U.K. Newspaper Groups Mount Legal Challenge to Press Regulation Charter
LONDON – The U.K. newspaper industry has united to apply for a court injunction to halt the parliamentary process the Royal Charter on press reform is currently going through.
The might of the British press has gathered to mount a legal challenge -- essentially a delaying tactic -- against the Privy Council's consideration of the Charter.
The Privy Council is due to look at the press reform Royal Charter on Wednesday.
The Charter has been given the go-ahead by the three main political parties, and if it rubber-stamps the rules, the system will mean punitive penalties on publications that choose not to sign up.
The legal move by the print and online press giants comes as, across town in London, the criminal phone-hacking trial against the former CEO of News International and editor of the now-closed News of the World Rebekah Brooks, former communications adviser of British Prime Minister David Cameron and former News of the World editor Andy Coulson, along with six others, began in earnest Tuesday amid a media circus.

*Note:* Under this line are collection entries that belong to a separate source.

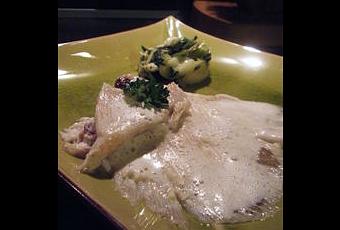 Prélever l'émulsion vanillée à la cuillère et la verser sur la raie.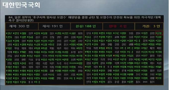 이 결의문은 재석 191인, 찬성 188인, 반대 0명의 압도적인 찬성으로 통과됐고 ‘치명적인 방사성 물질의 완전 제거는 어렵다. 국민 건강을 위해 끼칠 일본의 어떤 조치도 용납하지 않는다’는 동의를 이끌어 냈다.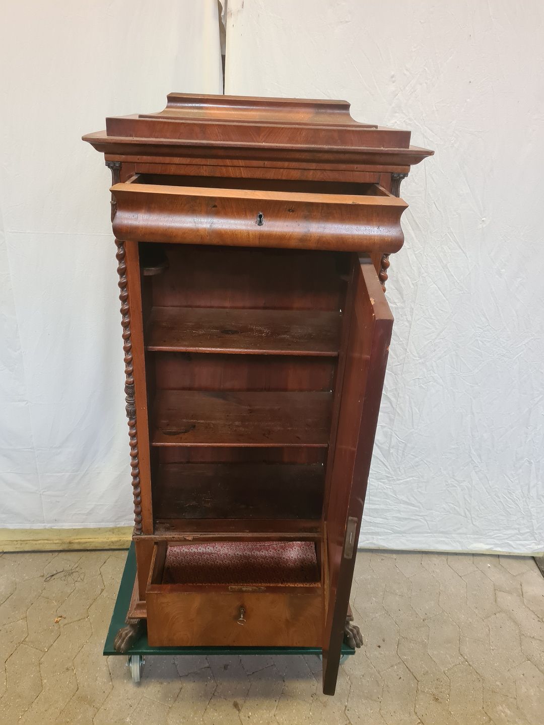 Skab i fineret mahogni, fra 1890erne.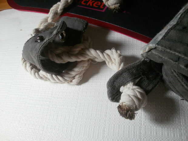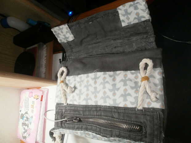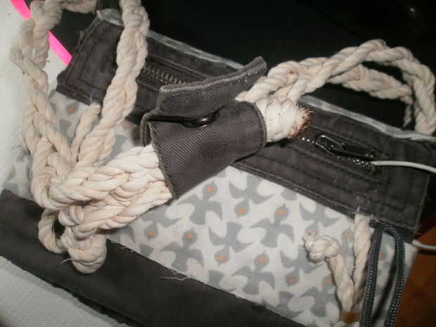 -Por último, me cosió algunos bucles a ambos lados de la bolsa y añadió trenzados juntos unos 3 pies de longitud de la cuerda. También he añadido un pequeño trozo de tela con un botón para que pueda subir los extremos de la cuerda y hacer una correa más corta en el bolsillo.

The newspaper industry has sought judicial review of a decision to reject its own version of a press regulation charter that a Privy Council subcommittee rejected earlier this month.

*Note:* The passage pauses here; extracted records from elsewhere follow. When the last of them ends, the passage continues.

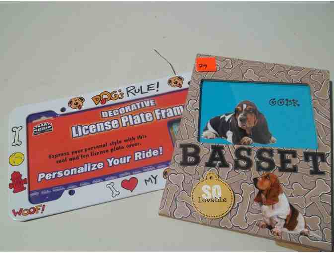 With this set you get 1-basset hound "so loveable" photo frame and a "Dogs Rule" license plate frame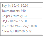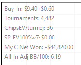 казалось бы, более менее чипев, но это чипев в ночных составах с 2 фишами. Вообще 1-ая сессия как я перестал смотреть резалты была 320 турниров в -7 чипев, если бы не 2-ая сессия, я бы не отмазал это, хорошо что я не видел что было в 1-ую сессию... Щас сделаю перерыв 2 часа, закажу себе суши, выпью кофе и буду дальше катать, потому что сегодня откатал только 275, это мало. Перерыв нужен чтобы отойти от того что под конец раздали, там за 15 туров -5 или -6к по ев улетело, просто нереальная жесть была. Общая дистанция марафона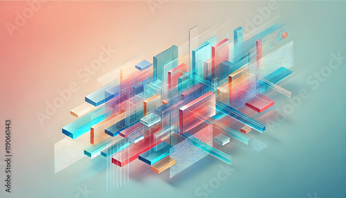 抽象的幾何学アート - カラフルな透明長方形と滑らかなグラデーション背景

Publishers claim that the Parliamentarian-led Charter will allow political interference in the freedom of the press.
According to media reports in The Independent and The Guardian, culture secretary Maria Miller is hoping to persuade fellow members of Parliament from opposition parties to strengthen the Royal Charter's standing on preventing changes being made to the system by authoritarian future governments.
The amendment requires that any future changes must be approved, not only by a two-thirds majority of both Houses of Parliament, but also by a two-thirds majority of the independent Recognition Panel overseeing the new press regulatory body.
In a joint statement, the Newspaper Society, the Newspaper Publishers Association, the Scottish Newspaper Society and the Professional Publishers Association said the process for the Royal Charter had been unfair.
"The failure of the Privy Council Committee to carry out a fair and transparent consultation on the industry's Royal Charter application was made even more significant by the fact that the possible involvement of the state in the regulation of the Press raised very serious constitutional issues," it said.
"Given the gravity of these constitutional issues, the industry's lawyers asked the Privy Council on Friday to give an undertaking that the rival cross-party Royal Charter, written by politicians and the Hacked Off [fronted by Hugh Grant] lobby group, would not be presented to the Queen for sealing on Wednesday," it added. "That request has been refused and an injunction will now be sought."
The Department of Culture, Media & Sport said it was "disappointed the press are undertaking legal action" after a long period of negotiations.
In a statement, it said: "The Industry Royal Charter was considered in an entirely proper and fair way by the Privy Council Committee, and the reasons they were unable to recommend its grant are in the public domain. Whilst they found acceptable areas, they identified fundamental issues that were not compatible with the Leveson principles, such as a lack of independence around appointments and funding and no requirement to provide an arbitration scheme.
"The government is working to bring in a system of independent press self-regulation that will protect press freedom while offering real redress when mistakes are made. The culture secretary pushed hard for recent changes on arbitration and the standards code to be made, which will ensure the system is workable, and legal action is particularly disappointing in light of these changes."